No dico, davvero non mi guardare con quella faccia, ci scommetto una vita che t’è capitato anche a te…po’ pur S… va beh allora non te lo dico comunque è vero…vero cosa…accendi i fari è buio…non è che mi ci metta davvero d’impegno ma è che capita…che razza di radio, si prendesse una stazione decente…muoversi con gli occhi,strada deserta, manco un lampione…comunque fai tutto e non ti accorgi di niente, in realtà è come se ce l’avessi già in testa, già bello e costruito ma poi il muro è la realtà…ecco ci mancava solo una canzone depression, cambia stazione, buio che non si vede se non te lo immagini…ma è vero, testa al finestrino, scommetto che ti succede anche a te… po’ pur S….male alla testa, botta che botta come è successo, idiota…un sottofondo, un’inquadratura, un film, ma non è un film, ma tanti intrecci…solo fari di posizione speriamo poche curve…strada o binari, comunque sai dove vai ma o ti scegli o ti lasci scegliere, paralleli… e poi all’improvviso si incastrano tutti e immagini, cioè pensi quel che non è o quel che vuoi che sia…disordine, riordinare la mia stanza, riordianare la mia vita…no certo ti capisco succede a tutti…si vede niente..no?…Capisci, come un film insomma, ma mi ascolti?…che male alla testa…ma è l’unico profumo che hai…si certo, capisco, ma mai un finale uguale, nel senso nella mente è quello giusto ma poi chi sa perchè chissa per…insomma un intreccio difficile…polmoni ok, cuore va per la sua strada, testa, che mal di testa…buono è? lo spruzzi, lo senti, lo ricordi ma poi non c’è, è questo il trucco che fa male.. mal di testa…comunque capisco.
Sorrisi,abbracci, profumi,compassione.
Strada senza un lampione.

ago 18, 2002 - Senza cicatrici    Dicevi?
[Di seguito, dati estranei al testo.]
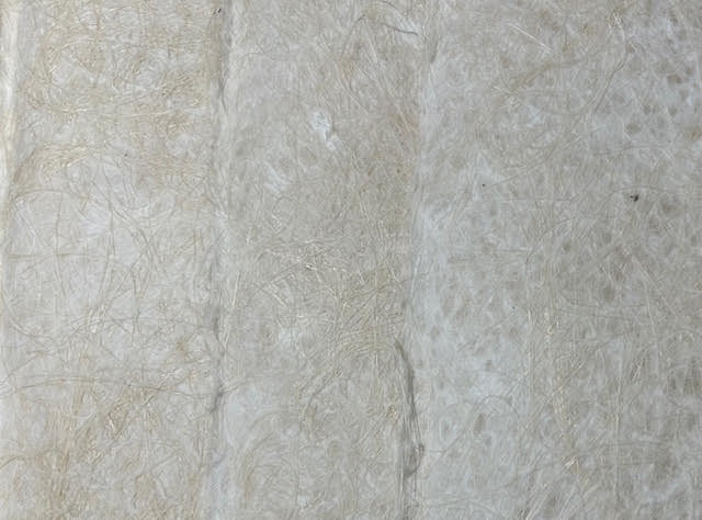Foglio di carta fatto a mano dalle fibre della corteccia dell’albero del gelso, il kozo, e fibre di pitaya (dragon fruit). Ideale per creare lampade e paralumi. Formato 55 x 80 circa. Colore avorio e fibre di pitaya giallino chiaro.
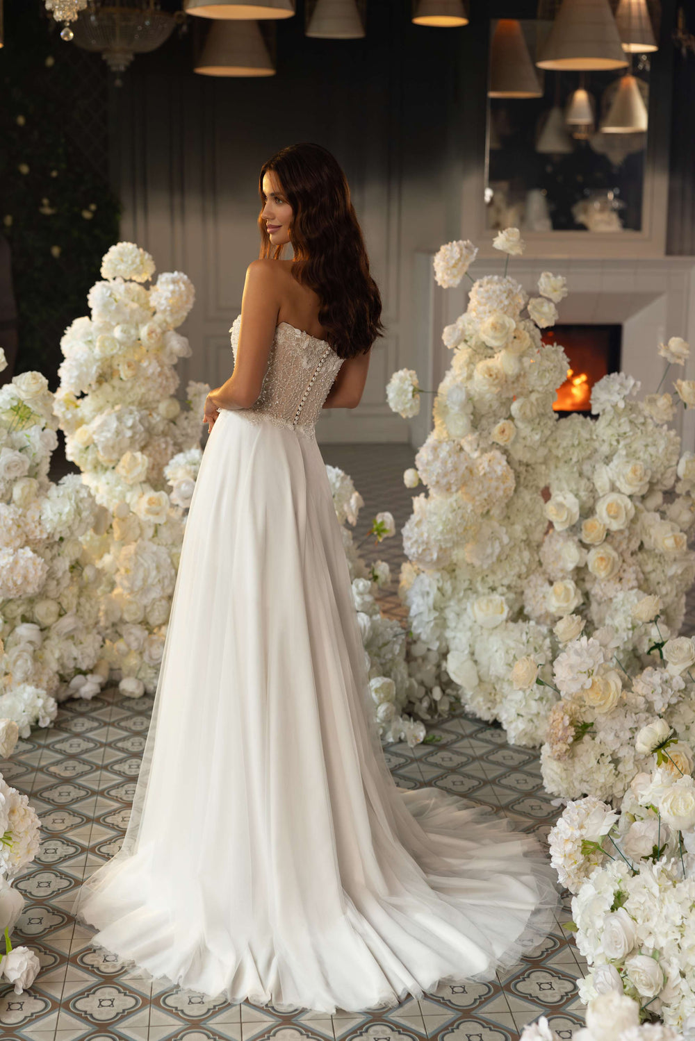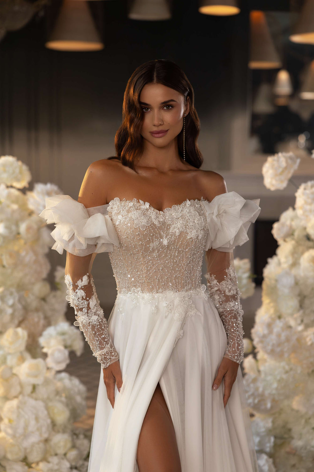 Mânecile lungi tip iluzie, ornate până la încheietură, sunt completate de accente voluminoase din tulle la brațe, pentru un efect couture. Fusta în A, fluidă și lejeră, din straturi diafane de tulle, are o despicătură elegantă pe picior și se prelungește într-o trenă ușoară – perfectă pentru un pas grațios și fotografii de poveste.
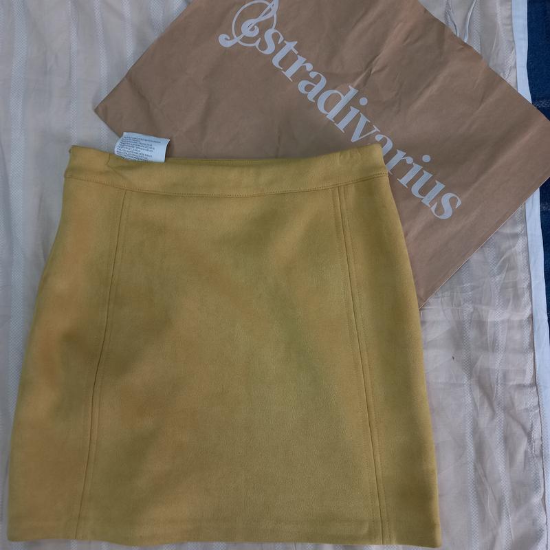 Юбка желтого цвета из искусственной замши.Короткая,збок на молнии.замеры: об.тал.35см., длина 39см.
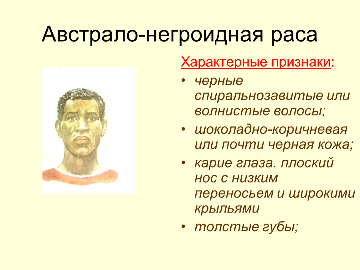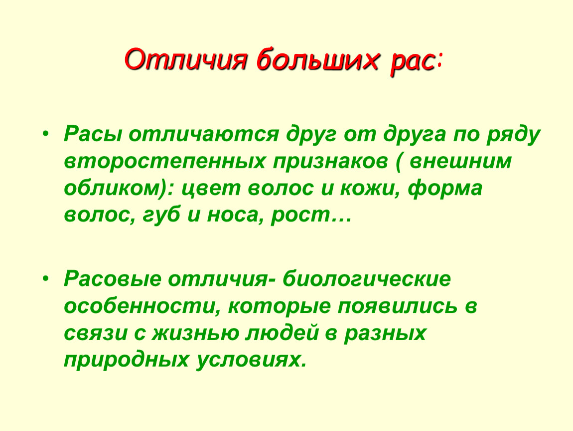 Расы отличаются друг от друга по ряду второстепенных признаков ( внешним обликом): цвет волос и кожи, форма волос, губ и носа, рост…
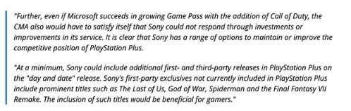 此外,即使微软通过《使命召唤》成功拓展了 Game Pass, CMA 也不得不承认索尼无法通过投资或改进服务来做出回应。但很明显,索尼也可以做出选择来维持或提高 PlayStation Plus 的竞争力。

Non che vi sia un posto, credo.


Nemmeno che esista un tempo, giuro.
Ma il problema è il bagnoasciuga.
Il Pallone d’Agosto rotola sulla spiaggia e vi passa accanto spruzzandovi la sabbia negli occhi.
Prendetevela con i bambini che giocano a costruir castelli di sabbia, i più bravi lo faranno per tutta la vita, i più fortunati verranno ricordati per averci abitato, in quei monumenti precari esposti al sole del mondo.
Quelli a metà del tragitto, a cavallo dei trenta, ne chiedono le stanze in affitto, di quei castelli.
Tutti comunque prima o poi credono di aver sognato l’arcobaleno.
E si svegliano.
E il naso è bagnato, il temporale passato.
L’amore sognato, il castello distrutto.
E si ricomincia.
E intanto il Pallone rotola, fino alla riva.
Un’onda lo prende in grembo, un’onda lo culla, un’onda lo riporta al bagnasciuga.
Terra di mezzo, tra chi sta in mare e chi è spiaggiato, approdato o naufragato.
Terra a metà, orme che cambiano di continuo.
Onda dopo onda.
Bimbo, hai visto per caso il mio Pallone?
Il problema è il bagnoasciuga.

ago 12, 2002 - Senza cicatrici    Dicevi?

Il Pallone sta rotolando.

Verso un’atipica fine estate 02, e probabilmente ogni Tg già vi ha detto che è la più anomala degli ultimi 30-40-50-1000 anni.
A seconda del redattore, dell’agenzia e del commentatore che può produrre una variabile incostante di papere sappiate che ogni 365 giorni instabili vi sentirete dire che quest’anno, ma solo per quest’anno, siete partecipi della più calda e/o più bagnata e/o più assurda estate degli ultimi X lustri.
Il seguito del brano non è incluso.